I celebrated my birthday yesterday.
And every year, I try to recalibrate in June.
Take honest stock of where I am coming from, where I am and where I am going.
Accountability, responsibility and looking into the future are some of the things I have been seriously thinking about lately.
How can we be more accountable, especially in our personal livesโwith the resources we have, the people under our care, and our families?
How can we be more responsible?
Plus, how can we prepare for the future?
Time is moving extremely fast.
Sometimes, I wish it were possible to use every second we've and not waste one pinch of it.
Sighs! More on this, though, later.
Today, I will be briefly writing about:
The attention African pharmacy startups are attracting.
Becoming Comfortable With Being Consistent.
Exciting updates on a new product we're building.
And a few thoughts and talks about how AI continues to invade our daily lives and how we can adjust.
The Rise Of Africa's Pharmacy Startups
Pharmacists are increasingly taking on more impactful frontline roles in healthcare delivery in Africa.
They are going beyond just dispensing drugs to become a vital link in the continent's healthcare ecosystem.
In Africa, community pharmacies are everywhere.
Most of them have gradually and quietly evolved into mini-clinics that surprisingly cater to the community's basic medical needs.
People go to the pharmacies to get treatment for malaria and body aches, and they also act as a vital channel for sexual and reproductive health.
In communities, we see pharmacies that have small rooms for consultations, sometimes with pharmacists, technicians, or community nurses, and attached is a small lab equipped to handle basic laboratory inquiries, such as pregnancy tests, malaria tests, and blood sugar tests.
Africa may benefit from expanding the roles of pharmacists and their capabilities, considering the shortage of physicians and nurses in Africa due to brain drain. We are already seeing this becoming a possibility, with pharmacy-centred technologies attracting attention from investors.
Recently, i3 (Investing Innovation Africa), an accelerator largely backed by the Bill & Melinda Gates Foundation, invested approximately $225,000 exclusively in pharmacy-focused health tech startups for its 2025 cohort.
This strategic move is a strong indicator of the direction health tech ecosystem investment in Africa might be heading in the future.
Investors are now seeking solutions that have a genuine impact and deliver value and profit. The days of free money are over.
It's a great time to build a pharmacy startup in Africa, especially if your solution actively addresses a real-world problem.
Our government also needs to invest more in community pharmacies. To make the care people receive in these communities safe, there needs to be strict regulations that guide the operations of community pharmacies.
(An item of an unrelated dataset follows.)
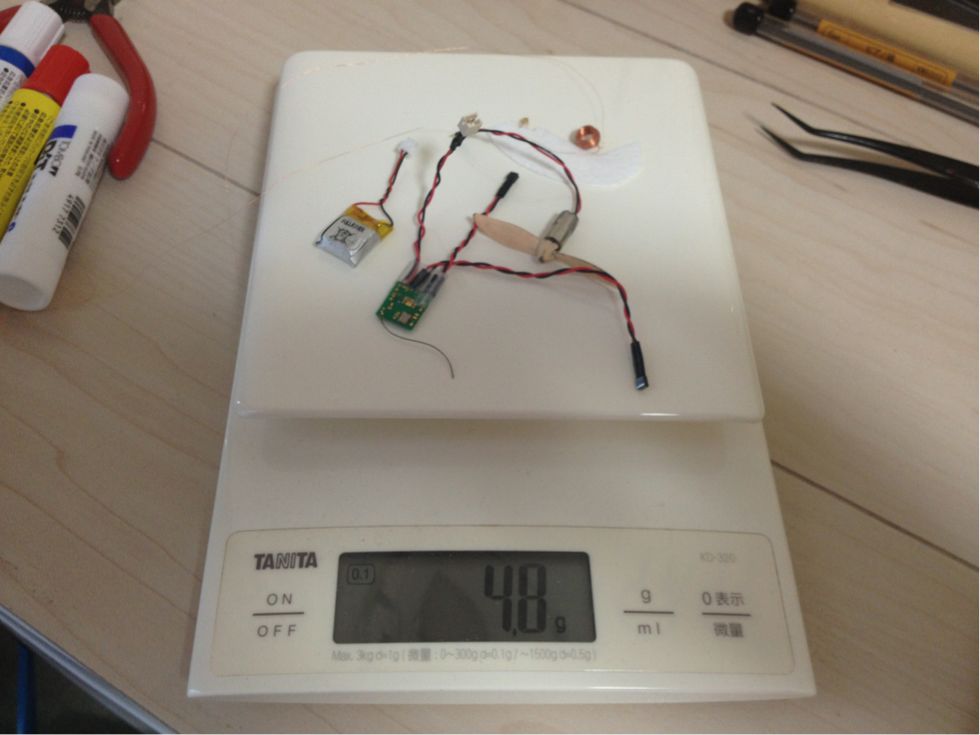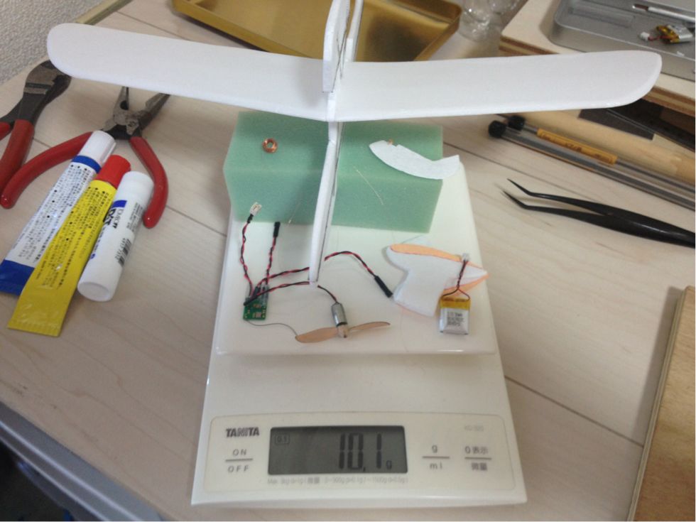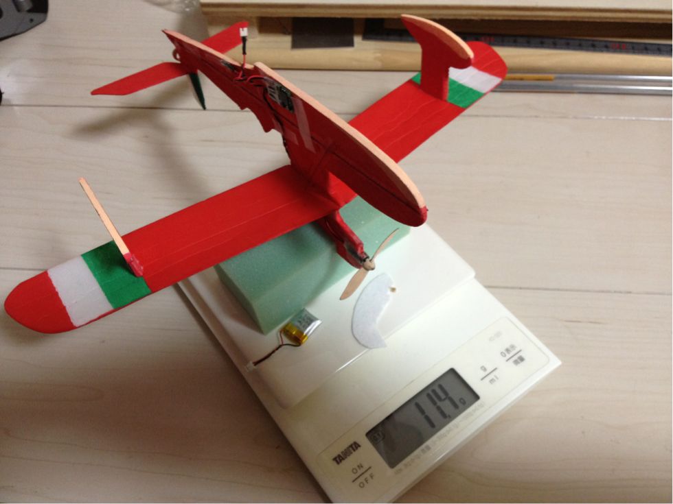 コグロさんは10gオーバーでも全然飛ぶよ!って言っていたので。それを信じて、明日はラダーを着けて完成させます。

Let it be that care is rendered by professional pharmacists, technicians or whoever is available to attend to people seeking basic medical help.
In Other Words, Sadly, Nigeria's Medsaf Has Shut Down!
Medsaf was among the first pharmacy startups in Nigeria to pioneer the digital supply chain revolution.
Unfortunately, due to mounting internal pressures and a plethora of challenges that they couldn't surmount, they are finally closing the door.
Medsaf pioneered the digitisation of medicine procurement in Nigeria.
One would have thought that they would have become a major player in the sub-ecosystem by now.
Citing a failed acquisition process, amongst other challenges, the CEO, Vivian Nwakah, stated that the company could no longer run in an official email.
Medsaf's fall or failure has many lessons for healthtech startups in Africa.
If Medsaf were a Fintech startup, it would definitely have survived the hard time it found itself in (my opinion).
The company faced challenges it didn't have control over, particularly the sudden deterioration of Nigeria's foreign exchange at a crucial period of the company's operations.
There were also other deep internal issues, as stated by the CEO, particularly about having the wrong team.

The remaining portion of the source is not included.